¹ Centre de Recherche de Gif-sur-Yvette, UPR 2301, CNRS and
² Institut de Chimie des Substances Naturelles (ICSN), Gif-sur-Yvette, FRANCE

Correspondence: François Canonne-Hergaux, Centre de Recherche de Gif-sur-Yvette, UPR 2301, CNRS, Institut de Chimie des Substances Naturelles (ICSN), Equipe 34, Bâtiment 27, Avenue de la Terrasse, 91198 Gif-sur-Yvette Cedex France. Phone: international +33.1.69823081. Fax: international +33.1.69077247. E-mail: fcanonne{at}icsn.cnrs-gif.fr

ABSTRACT

Background: Expression of the iron exporter ferroportin at the plasma membrane of macrophages is enhanced by iron loading and is decreased by hepcidin. We previously showed that ferroportin is present in specific cell surface domains suggestive of lipid rafts. Herein, we have clarified the localization of ferroportin in macrophage membranes and tested whether rafts-mediated endocytosis plays a role in hepcidin activity.

Design and Methods: Rafts/detergent-resistant membranes from murine bone marrow–derived macrophages and J774a1 cells were analyzed by Western blotting. The effect of lipid rafts- or clathrin-dependent endocytosis inhibitors was studied hepcidin activity. For this purpose, after treatment, ferroportin expression was analyzed by fluorescence microscopy, Western blotting of total protein extracts or plasma membrane protein samples and by quantitative immunofluorescence assay (In-Cell-Western).

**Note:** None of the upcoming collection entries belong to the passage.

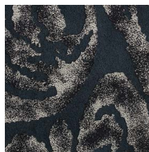
7152/01 NIGHTFALL (PRINTED ON 7000/19)
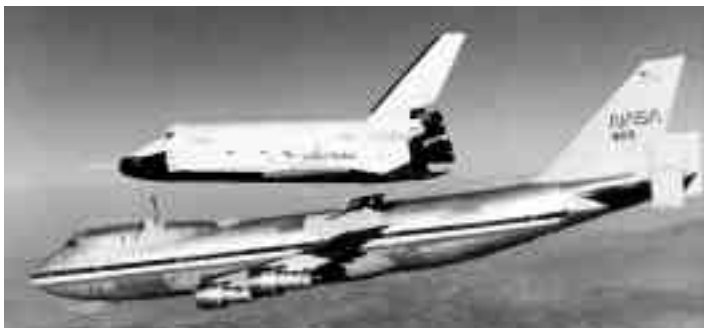
Enterprise separates from 747 SCA for first tailcone off free flight.

Four of the free flight landings were made on Rogers Dry Lake at Edwards. The final free flight landing was on the main 15,000-foot concrete runway at Edwards.
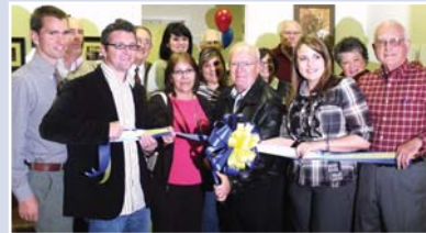
CASA of Lafourche's ribbon cutting ceremony celebrated becoming an independent non-profit organization and member of the Thibodaux Chamber of Commerce in November 2009.

CASA of Lafourche became an independent non-profit organization in October 2009. In the month of November, they had their biggest training ever, swearing in 17 new volunteers. To date, 59 volunteers have been trained and 64 children served.
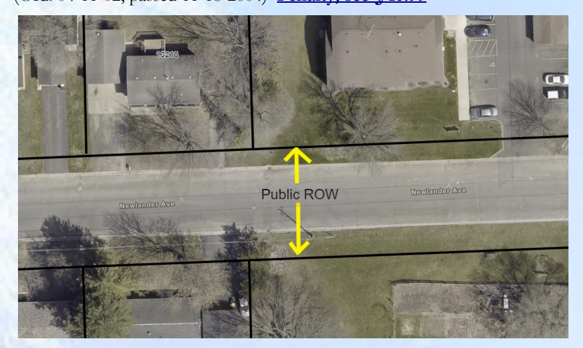
Example of a Road Right-of-Way (ROW):

fere with access to or use of the easement.
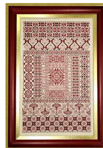
"Spanish Rouge" by Sampler Cove

shipped to the shop is "Spanish Rouge". These two designs would make quite a striking wall display. They are similar in design, yet slightly different. These companion pieces each have a design area of 10" x 15-3/4" when stitched on 36 count linen. Threads used are Au Ver A Soie, Needle-
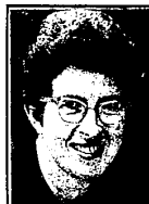
By MARGARET MILLER Women's Editor

Wonderland Center Plymouth at Middlebelt Photograph Studio - 2nd floor
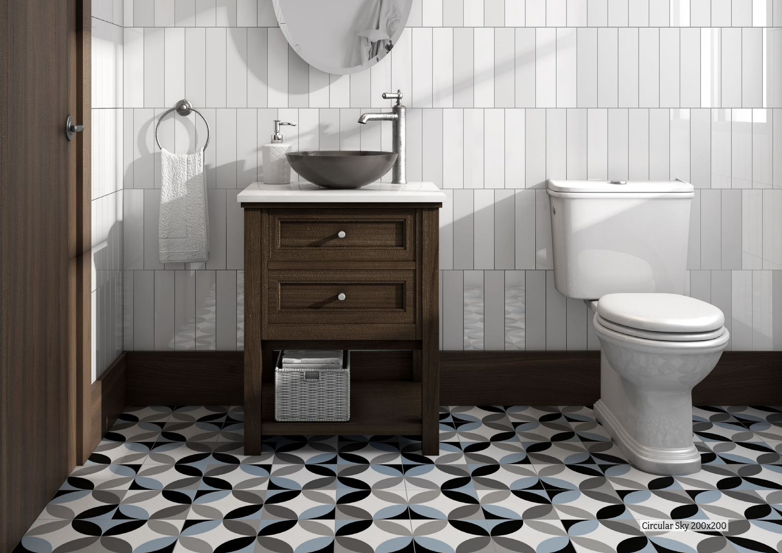
Circular Sky 200x200
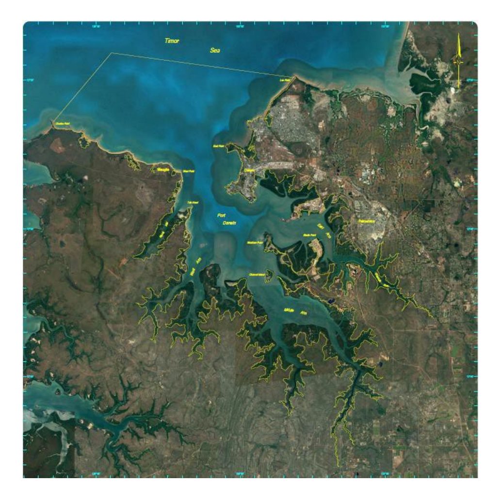
Figure 1 – Darwin Port Limits

This Port Notice applies to pilot embarkation and disembarkation within the gazetted Port of Darwin limits as detailed in Figure 1.
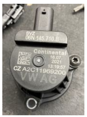
Continental OEM diverter

The location of the factory diverter depends on the vehicle. E.g. on Mk8 GTI models it's found on the turbo and is easily accessible from the top of the engine bay. On the Mk8 R it is mounted to the charge pipe and must be accessed from underneath. In this case, make sure to use axle stands or a hoist. NEVER work under a car supported only with a jack.
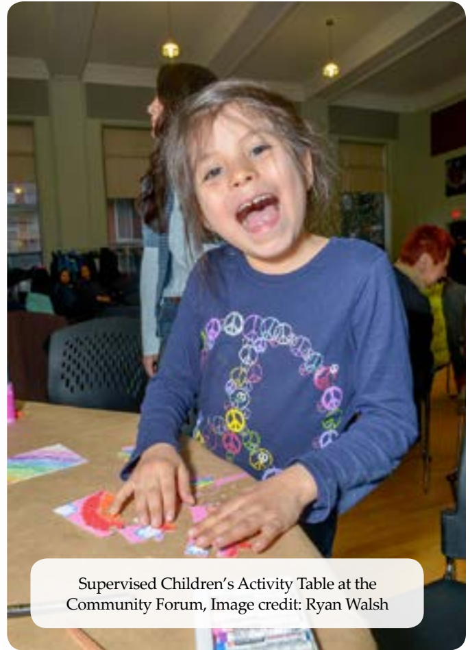
Supervised Children's Activity Table at the Community Forum

While a limitation in the research is a gap in current lived experience, there were multiple participants who shared their knowledge and experiences based on their past lived experiences of incarceration 12 .
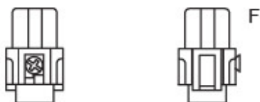
contacts side (front view)
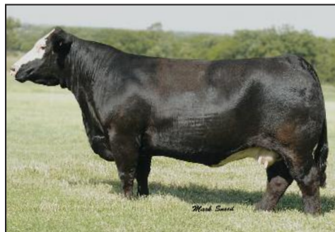
SVF Sheza Beauty L901 Dam of Lots 249 & 250
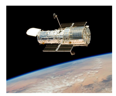
Hubble drifts over Earth

Our planet is a small blue sphere traveling through inky blackness. Enveloping that sphere is a wispthin layer of gases we call our atmosphere. The study of everything outside of that atmosphere – the Moon, Sun, solar system, stars and galaxies beyond – is astronomy.
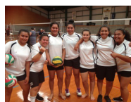
Senior Girls / 7 th Place.

We currently have 4 teams in the Secondary School Volleyball Competition. The turn-out of students creates for an awesome environment. We have some pretty good results so far and with only 3 games left we are hoping to place in the top three for most of our teams.
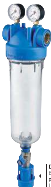
10" S M MONO TS

DRAIN FUNNEL Back-flow preventing device UNI EN 1717-11/2002
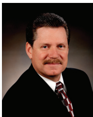
Stan Pickett Mayor

There are other ways the public can stay informed on City Council actions. Regular meetings are held on the first and third Mondays of each month at 7 p.m. in the Council Chambers at City Hall, 757 N. Galloway Avenue. Meeting agendas and minutes are available online at www.cityofmesquite.com/CouncilAgenda . In addition, City Council meetings can be watched live online as well as on-demand episodes of past meetings at www.cityofmesquite.com/WatchCouncilMeetings . Mesquite news and updates are also available in the weekly e-publication The Council Connection posted online at www.cityofmesquite.com/CouncilConnection .
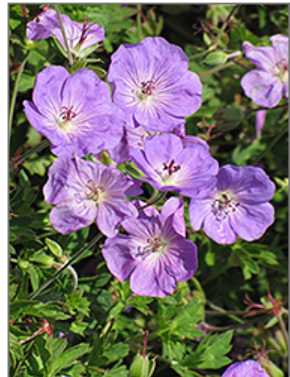
Rozanne Cranesbill flowers
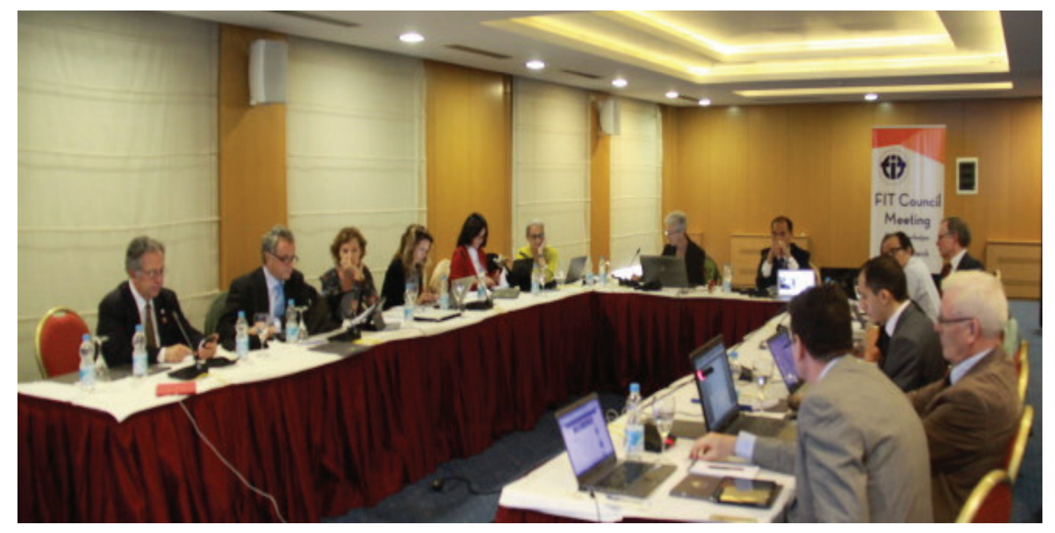
Participants at the FIT Council Meeting in Baku

and the National Association of Judiciary Interpreters and Translators (NAJIT).
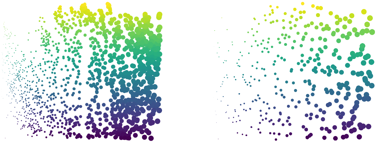
Figure 3: Example of the corpora in figure 2 after density equalisation. The colour and sizes are mapped to the same descriptors as x/y to show the low distortion this method entails.
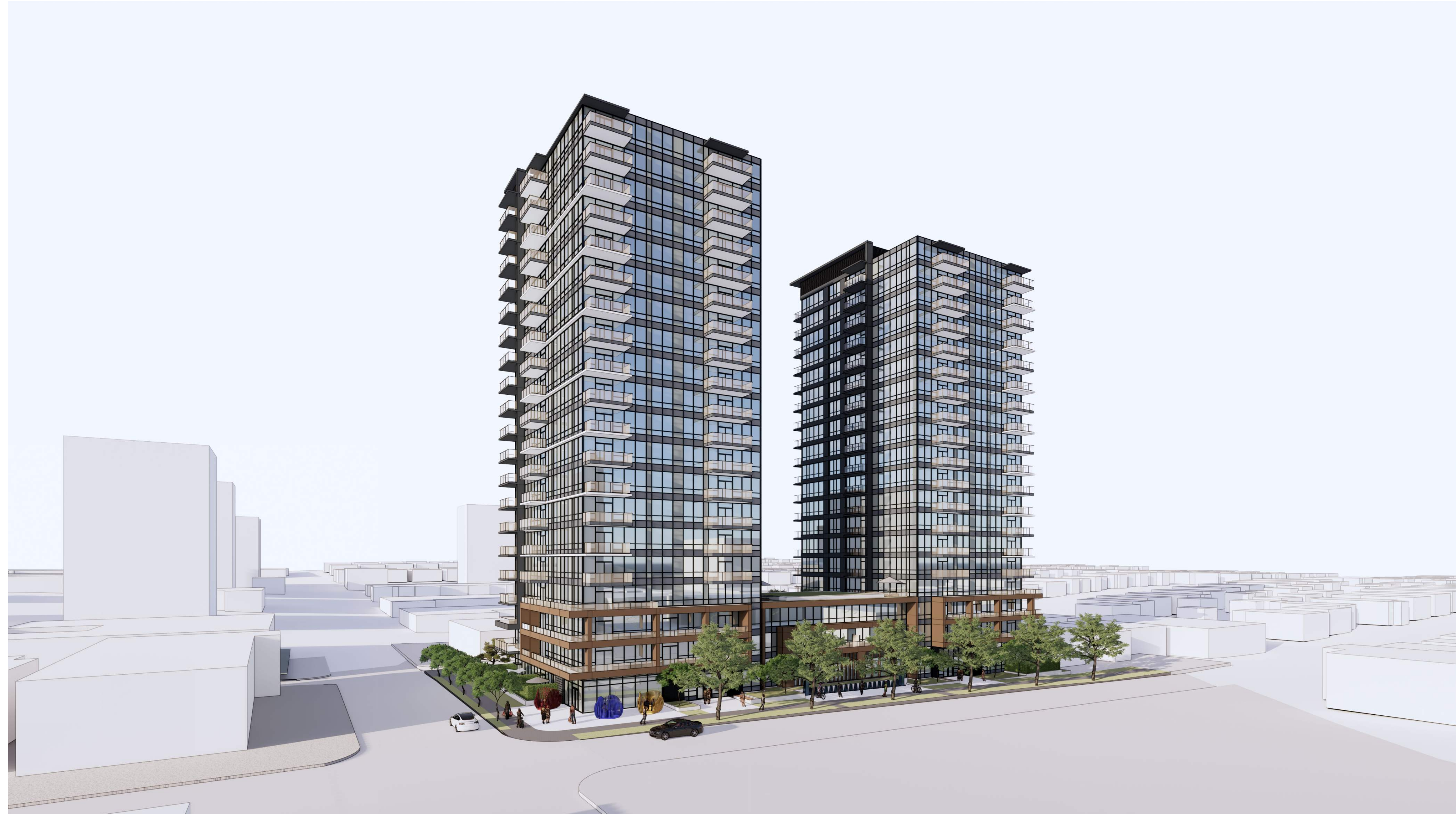
OVERALL VIEW FROM NORTH-EAST CORNER
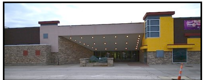
View of Outside Entrance

Results: Macrophage ferroportin was mostly detected in detergent-resistant membranes containing rafts markers (caveolin 1, flotillin 1). Interestingly, iron overload strongly increased the presence of ferroportin in the lightestrafts fraction. Moreover, lipid rafts breakdown by cholesterol sequestration (filipin) or depletion (methyl-beta-cyclodextrin) decreased hepcidin activity on macrophage ferroportin. Cell surface biotinylation and immunofluorescence studies indicated that the process of both hepcidin mediated endocytosis and degradation of ferroportin were affected. By contrast, the inhibition of clathrin dependent endocytosis did not interfere with hepcidin effect.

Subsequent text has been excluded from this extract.